School for Cardiovascular Disease in Maastricht (Maastricht, Netherlands)
primary: Prof. Dr. Tilman Hackeng (CARIM), secondary: Prof. Dr. Philip Wenzel (CTH)
CARIM (Maastricht, Netherlands), CTH (Mainz, Germany)
Joint PhD Degree
Universities of Maastricht and Mainz
Vascular smooth muscle cell (SMC) phenotype switching from a contractile to a synthetic nature is an established, but not well understood contributing pathway in the initiation and progression of atherosclerosis. Based on pilot studies, our hypothesis is that control of the quiescent state of SMC is determined by the local balance of tissue factor (TF) and factor (F)Xa inactivation by endothelial tissue factor pathway inhibitor (TFPI), and coagulation-mediated activation of the PAR1/2 receptors.

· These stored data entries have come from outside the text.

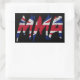 Pegatina con las letras MMA hechas en una angustiada bandera británica.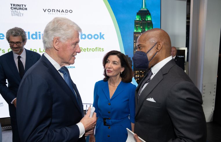 The announcement of “The Empire Building Playbook: An Owner’s Guide to Low Carbon Retrofits” attracted Gov. Kathy Hochul, Mayor Eric Adams and former President Bill Clinton who expressed high praise — and high hopes — for the potential of the how-to.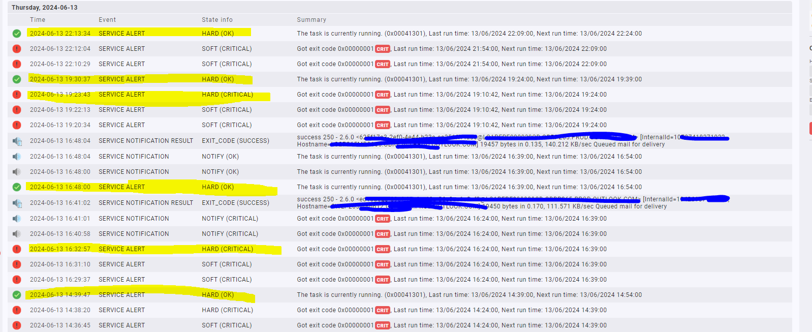 I went into one of the services with a high number of alerts over the last 5 days and all the states of it show SOFT. Example below: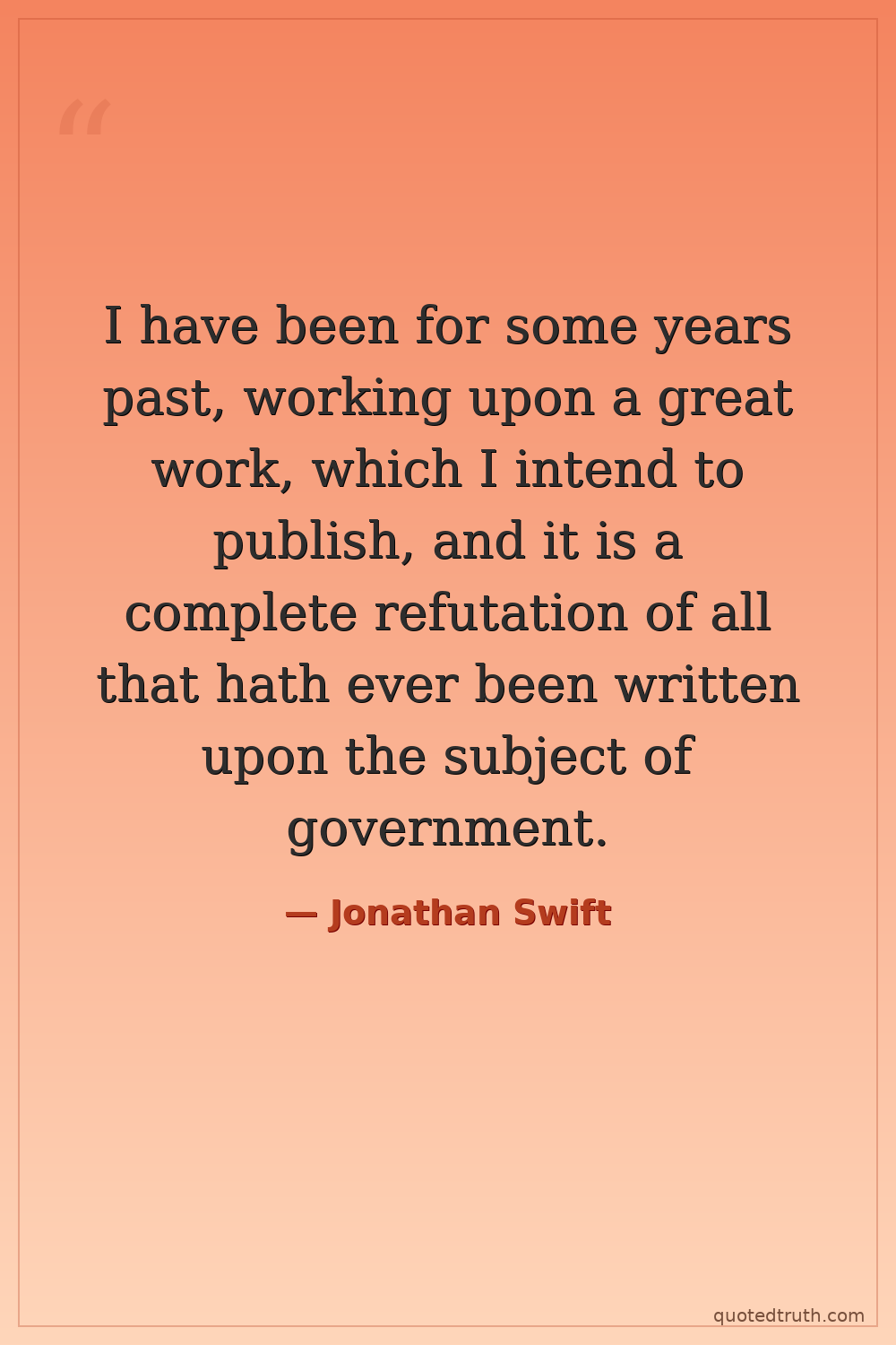 I have been for some years past, working upon a great work, which I intend to publish, and it is a complete refutation of all that hath ever been written upon the subject of government.

ESR7 will first determine the effects of various forms of TFPI on TF and FXa mediated SMC proliferation, and examine the PAR1/2 signalling using specific pharmacological tools. Subsequently, ESR7 will use specific morpholino oligos to knock down TFPI in SMC to determine the effects on phenotype switching. In SMC, and endothelial cells as a control, TFPI expression will be measured by in house developed ELISA and established functional thrombin generation assays. At CTH, ESR7 will use genetic mouse models, which are designed to mimic specific effects of FXa regulation by TFPI on SMC proliferation. With support of ESR3, ESR7 will investigate the altered TFPI-specific effects on SMC differentiation and vascular remodelling, in comparison to common anticoagulation therapy using plasma samples with low/high inflammatory markers. As a control for SMC-intrinsic production of FX, mice, in which FX can be knocked-out in specific cell types, will be used, while effects of TPFI will be confirmed by using mice that cannot regulate the TF initiation complex. Back at CARIM, ESR7 will use specific PAR blockers and antibody tools to TF to interfere on the short term with TF signalling on SMC. ESR7 will make several short visits to TRON for practical training in RNA technologies.
- Winckers K, ten Cate H, Hackeng TM. The role of tissue factor pathway inhibitor in atherosclerosis and arterial thrombosis. Blood Rev. 2013 May;27(3):119-32. doi: 10.1016/j.blre.2013.03.001.